First of all let’s have a look at some of the promising technologies from the past that rode on hype and then declined in their popularity:

  • Bitcoin
    • UP: Do you remember all the crazy hype surrounding bitcoin and people getting rich out of nowhere? I personally have a very small amount in a Bitcoin ETF (which didn’t grow much), but know a friend who lost keys to a wallet with a dozen bitcoins, and another one who kept telling me that one bitcoin will be worth like 4 apartments in NYC.
    • DOWN: Well, bitcoin as well as the blockchain technology behind it didn’t disappear, but the hype is definitely not there any longer. It is very likely we won’t see a huge rise again (or maybe we will see?). Scalability, regulatory and other reasons made this slow down. Some niche applications of blockchain are thriving though.
  • Windows Phone
    • UP: Ok, you might be asking “what is this?” or “why is it here?”. I included it here because I personally worked for about 1 year on a Windows Phone project back in 2011. The promise was that this will rival iPhone and Android devices.
    • DOWN: the market simply did pick this one up, there wasn’t enough of app development and MS eventually pivoted to something else.
  • Augmented/Virtual Reality
    • UP: Another major hyped technology. Think about Google Glasses or META’s Oculus or Microsoft’s HoloLens, these technologies promised to revolutionize gaming, work, entertainment, and everyday life.
    • DOWN: I didn’t buy this hype myself because it somehow makes me disgusted imagining myself living and interacting with people in a virtual world instead of the real one. Again, some niche applications still exist.
  • Artificial Intelligence (AI)
    • UP: So I’m sure you have read about multiple waves of AI technology, early 50s when it first appeared, 80s when expert systems were promising to change everything and (drumroll…) now when Generative AI is the next big promise.
    • DOWN: I don’t know when the exact time for the downturn will come, but there are obvious problems with it (high compute costs, wrong facts, plagiarism – I make it a point not to copy anything from GenAI into my posts).
  • Many other technologies of different scale (3D printing, 3D TV, BlackBerry, delivery drones, Fire Phone, etc, etc)

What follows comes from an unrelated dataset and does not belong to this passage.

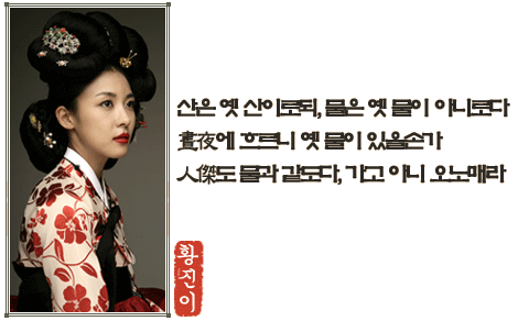 ‘산은 옛산이로되 물은 옛물이 아니로다./주야(晝夜)에 흐르니 옛물이 있을소냐./인걸(人傑)도 물과 같도다 가고 아니 오노매라. –황진이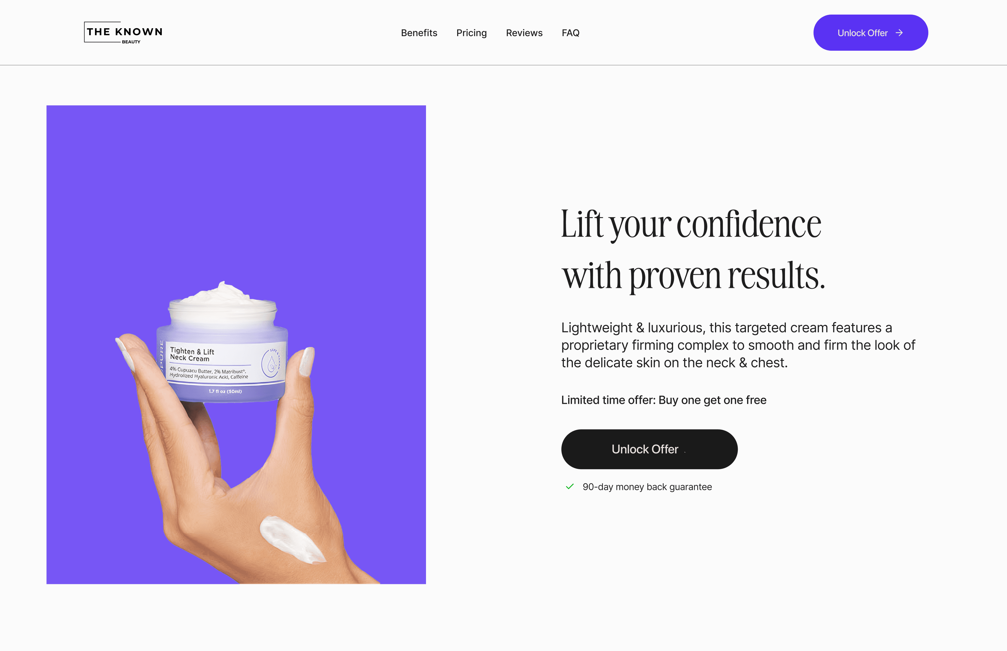The landing page they made for our neck cream is perfect. It's so clean and on-brand —exactly what we were looking for. You guys are seriously talented!

Potentially we can generalize abovementioned technology trends into three categories of downfall:

  • Complete disappearance: VHS, CD, BlackBerry, etc.
  • Reduction to niche usages: VR for gaming, 3DPrinting for specific applications, etc.
  • Enduring: Personal Computers, Internet

Now, where am I going with all of this? I’m trying to ask myself a question: is it possible to guess for any new technology if it is going to disappear, get reduced to a niche use, or will endure beyond our lifetime? Additionally is it possible to catch the “up” wave and ride it until the peak?

Let’s take the case of NVIDIA. If AI is a gold rush, NVIDIA is selling shovels. I found an article from 2019 arguing that NVIDIA will supras Apple in market cap, the argument states that the AI market will grow to 15T$ and that the computer is switching to GPU which logically makes sense.

Here are some recommendations for my future self to be on the lookout:

  • People have entire careers dedicated to spotting these trends so it makes sense to be aware (re-subscribed to weekly TechCrunch newsletter).
  • Spot tech industry trends using professional networks.
  • Spend dedicated time once monthly thinking about well positioned companies (scheduled time for myself).
  • Do my own numbers once anything appears interesting (this is a difficult one, but it would set you ahead of others, think of “The Big Short” movie).
  • Risk here and there.

Do you have any thoughts on the topic? What is that big thing you missed, you think you could have caught?